AccueilActualitéInternational104 Congolais libérés à Nairobi : que s'est-il vraiment passé ?

104 Congolais libérés à Nairobi : que s’est-il vraiment passé ?

La représentation diplomatique de la République démocratique du Congo au Kenya a annoncé, ce samedi 16 mai, la libération de l’ensemble des 104 ressortissants congolais interpellés quatre jours plus tôt à Nairobi. Ces arrestations, survenues en marge du sommet France-Afrique, avaient jeté un froid sur les relations bilatérales. L’épilogue, confirmé par un communiqué officiel, soulève des questions sur la gestion sécuritaire d’un événement pourtant rodé.

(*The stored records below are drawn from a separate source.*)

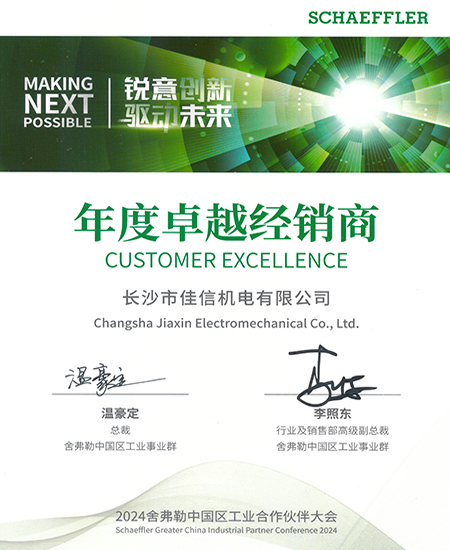 2024年舍弗勒年度卓越經(jīng)銷商證書
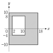그림과 같이 빗금 친 단면의 x축에 대한 단면2차 모멘트[mm4]는? (단, x축과 y축의 단위는 mm이다.)
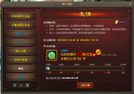 团购活动定时开启,活动时间等机制和现在的精彩活动相同
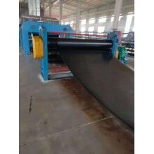 防撕裂鋼絲繩芯橡膠輸送帶該輸送帶在鋼絲繩芯上面(或上下)設(shè)置了橫向均勻排列的高延伸鋼絲繩或高強(qiáng)力高延伸化纖線繩作為抗撕裂層,抗撕裂層垂直于輸送帶運行方向。當(dāng)輸送帶輸送硬質(zhì)尖銳物料時,抗撕裂層可阻擋尖銳硬物刺穿,一旦刺穿后還可產(chǎn)生足夠抵抗尖銳硬物撕裂膠帶的阻力,從而有效防止輸送帶撕裂現(xiàn)象發(fā)生.
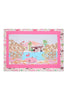 Our Pink Flamingo Club scarf captures a sun-drenched poolside scene framed in bold pink. Palm trees, striped parasols and a flamingo float set against clear blue water create a transportive composition that feels both playful and polished.

Tout commence le 12 mai 2026, alors que le président Félix Tshisekedi atterrit dans la capitale kényane pour participer à ce grand-messe diplomatique réunissant 31 chefs d’État et de gouvernement. Un groupe de Congolais, répondant à l’appel de la diaspora, s’était rassemblé aux abords des hôtels pour accueillir leur chef de l’État. Mais les forces de l’ordre kényanes, déployées en nombre dans le cadre de mesures de sécurité « exceptionnelles », ont interprété ce rassemblement comme une menace potentielle. « Un malentendu entre les forces de police kényanes déployées aux abords des hôtels où séjournaient le chef de l’État de la RDC ainsi que d’autres délégations » a conduit aux interpellations, explique l’ambassade. En clair, la vigilance sécuritaire, justifiée par les risques de troubles lors d’un sommet d’une telle envergure, a dérapé.

L’ambassade de la RDC au Kenya, alertée sur instruction de Kinshasa, est rapidement montée au créneau. Les mécanismes de protection consulaire ont été activés, une procédure qui permet à un État d’assister ses nationaux détenus à l’étranger. Selon le communiqué, une partie des personnes arrêtées avait déjà été libérée avant même l’intervention diplomatique, signe que les forces kényanes avaient pris conscience de la méprise. Mais c’est bien sous la pression consulaire que les dernières libérations ont été obtenues, entre 16 h et 19 h. Un dénouement qui, sans être idéal, évite une escalade diplomatique.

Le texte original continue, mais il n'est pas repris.